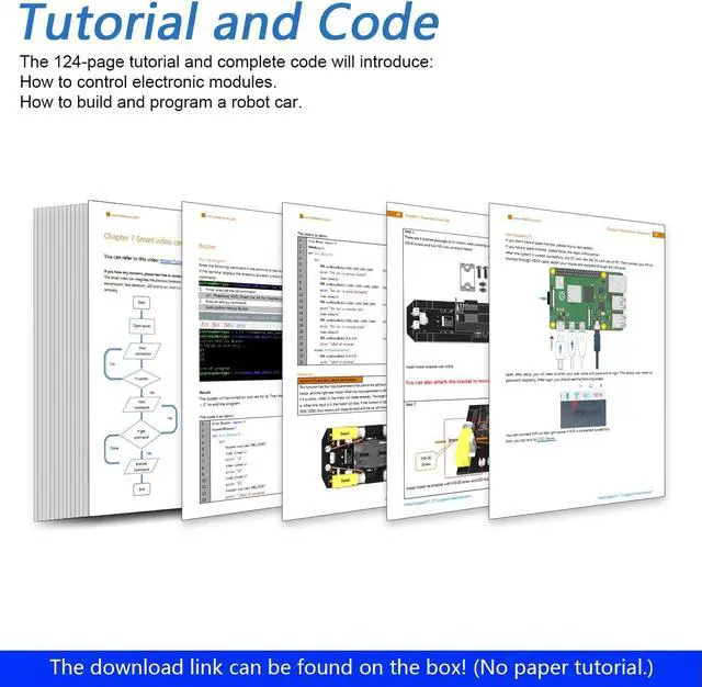 Provides detailed assembly tutorial and complete code (Python) -> The download link can be found on the product box. (No paper tutorial.)
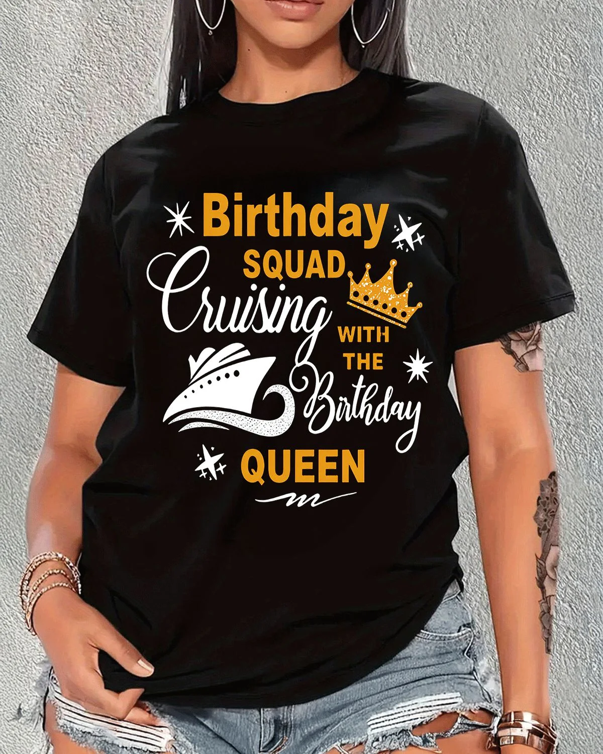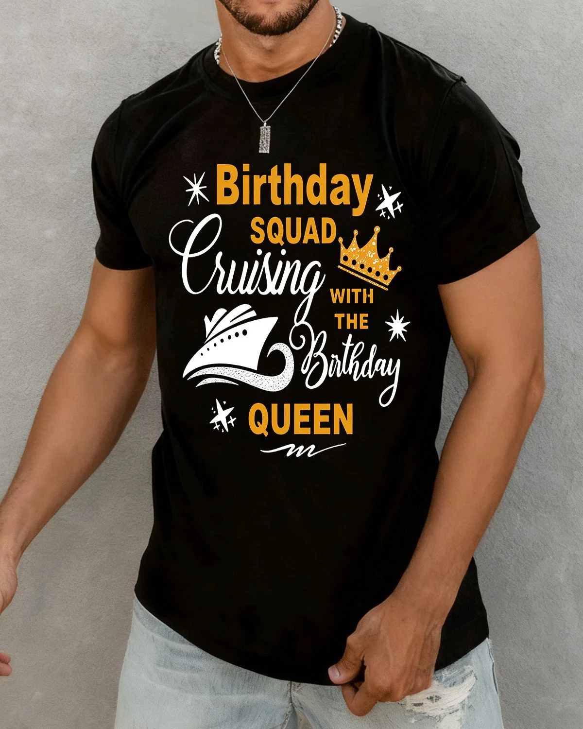 Birthday Squad Cruising with the Birthday Queen Summer Cotton Graphic T Shirt - Casual Cool, Short Sleeve, Soft Fabric, Comfortable Fit
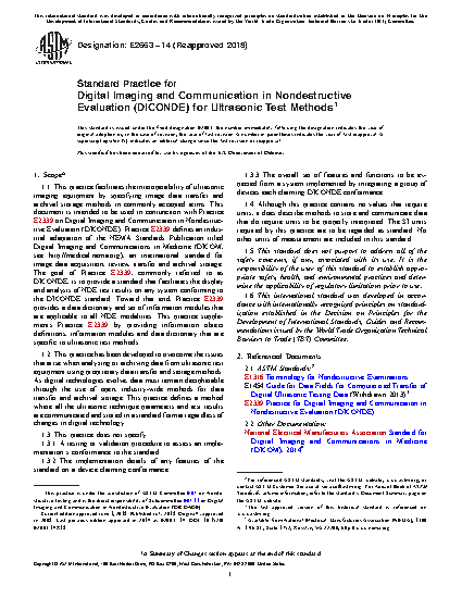 1.1 This practice facilitates the interoperability of ultrasonic imaging equipment by specifying image data transfer and archival storage methods in commonly accepted terms. This document is intended to be used in conjunction with Practice E2339 on Digital Imaging and Communication in Nondestructive Evaluation (DICONDE). Practice E2339 defines an industrial adaptation of the NEMA Standards Publication titled Digital Imaging and Communications in Medicine (DICOM, see http://medical.nema.org), an international standard for image data acquisition, review, transfer and archival storage. The goal of Practice E2339, commonly referred to as DICONDE, is to provide a standard that facilitates the display and analysis of NDE test results on any system conforming to the DICONDE standard. Toward that end, Practice E2339 provides a data dictionary and set of information modules that are applicable to all NDE modalities. This practice supplements Practice E2339 by providing information object definitions, information modules and data dictionary that are specific to ultrasonic test methods.
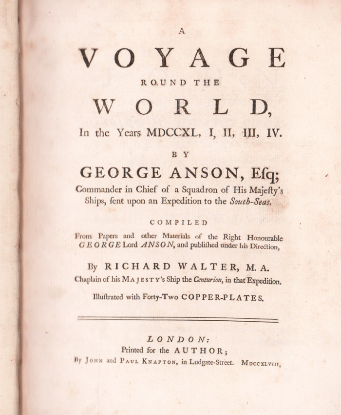 Although several private journals of the voyage had been published, the official version of events was published in London 1748, as A Voyage Round the World in 1740-4 by George Anson It was a great popular and commercial success and a 5th edition was already in print by 1749. As well as detailing the adventures of the expedition, it contained a great amount of useful information for future navigators and with 42 detailed charts and engravings, most based on drawings by Capt. Piercy Brett, it laid the basis for later scientific and survey expeditions by Captain Cook and others.
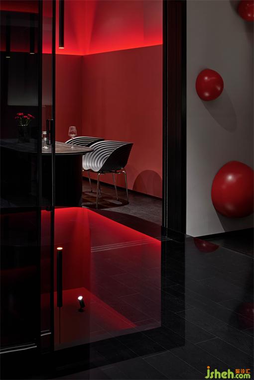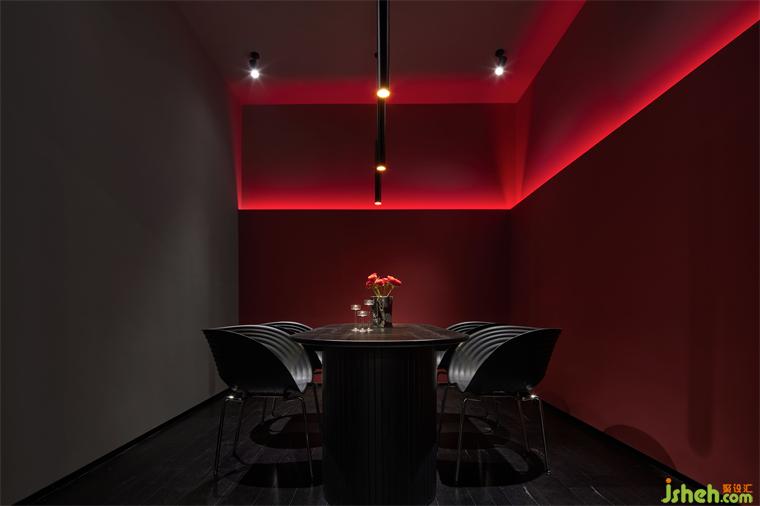 酒莊設(shè)計(jì)整體場地的色彩搭配上,設(shè)計(jì)團(tuán)隊(duì)大面積使用了灰色作為主色調(diào)。在對于主題表達(dá)的紅色漸變關(guān)系處理上,更傾向于依靠可變性更強(qiáng)的紅色燈光而非紅色墻漆來進(jìn)行解決。在一層和二層的地臺(tái)、天花部分,利用RGB變色燈帶進(jìn)行紅色光線的漫反射呈現(xiàn),以漸變的紅光,來渲染空間神秘、曖昧的微醺氛圍。
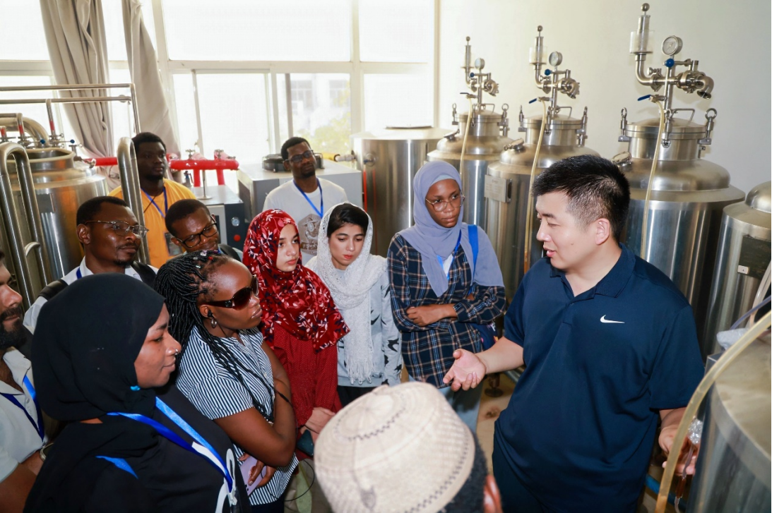 在啤酒酿造工艺中试实验室,留学生们在导师的引导下,了解了啤酒酿造的关键工艺流程,包括麦芽糖化、发酵、过滤、熟化等环节。通过现场的设备展示与数据监控系统演示,大家直观感受到中国高校在传统食品加工领域引入智能化、数字化技术的创新成果。一位来自塞尔维亚的留学生表示:“这与我在家乡见到的传统酿造方式完全不同,中国的技术让酿造过程更加精准、高效。”
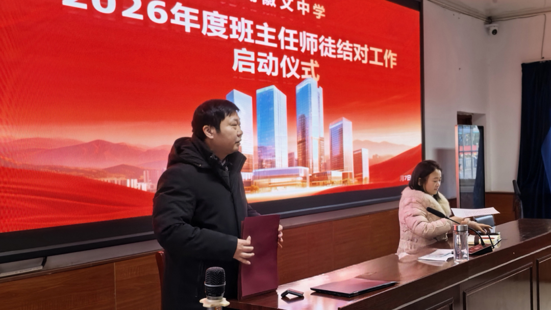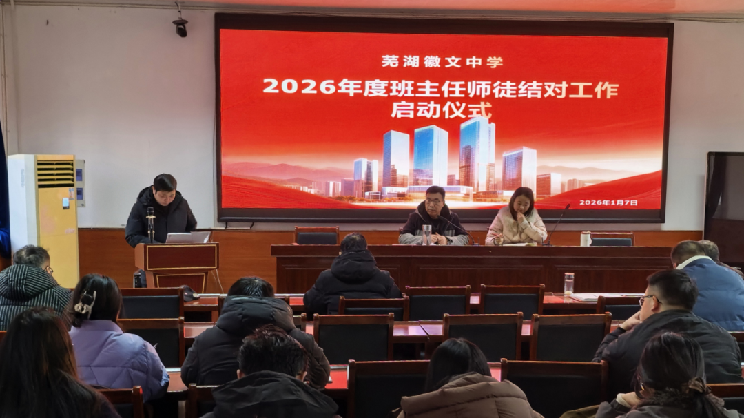 1月7日下午,芜湖徽文中学2026年度班主任师徒结对启动仪式在学校报告厅隆重举行,仪式由党支部书记胡小五主持。
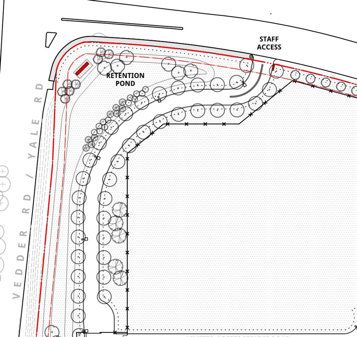The large retention pond collects runoff from impermeable surfaces, decreases peak flows and allows settling of suspended solids prior to discharge to storm.
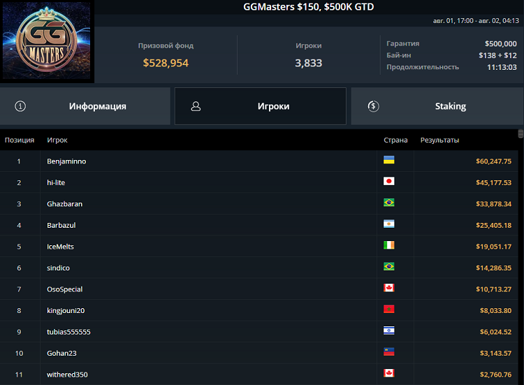 Как вы уже поняли, победу в турнире одержал игрок из Украины с никнеймом "Benjaminno", который заработал 60 240$ за первое место.
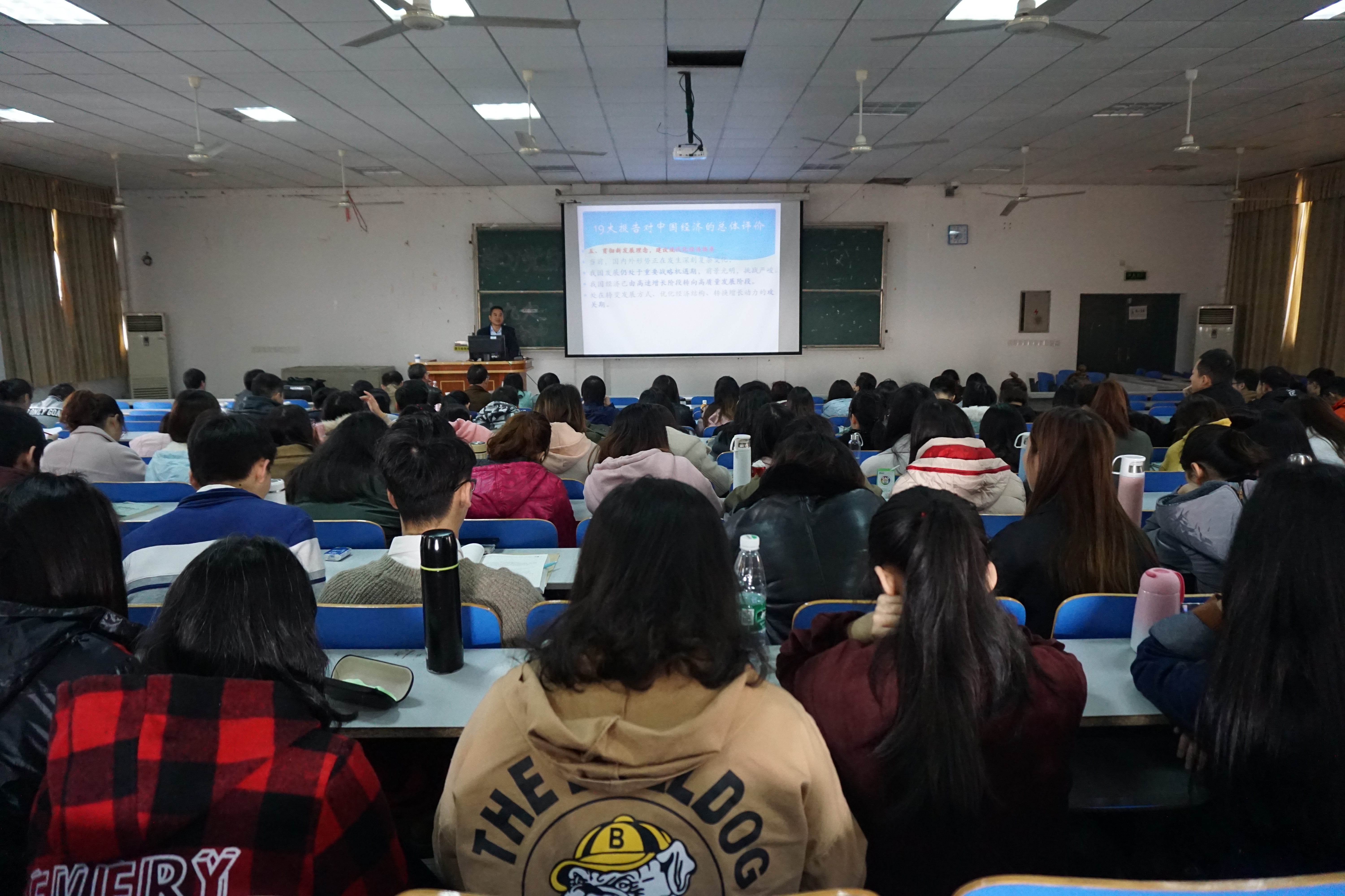 本网讯 11月27日上午,经济与管理学院邀请中国社会科学院研究员、中国社会科学杂志社二部主任林跃勤博士来校做题为“十九大后中国经济创新转型发展目标与前景”的讲座。湘潭大学副教授朱健博士、土木与环境工程学院党总支书记张俭民以及300余名国贸、金融专业学生聆听了讲座,该院院长李清泉主持讲座。

· · · · · · ·

With the pictures left out, restate word for word every line of the data above, from the first down to the line that contains "Birthday Squad Cruising".

 Provides detailed assembly tutorial and complete code (Python) -> The download link can be found on the product box. (No paper tutorial.)
 Birthday Squad Cruising with the Birthday Queen Summer Cotton Graphic T Shirt - Casual Cool, Short Sleeve, Soft Fabric, Comfortable Fit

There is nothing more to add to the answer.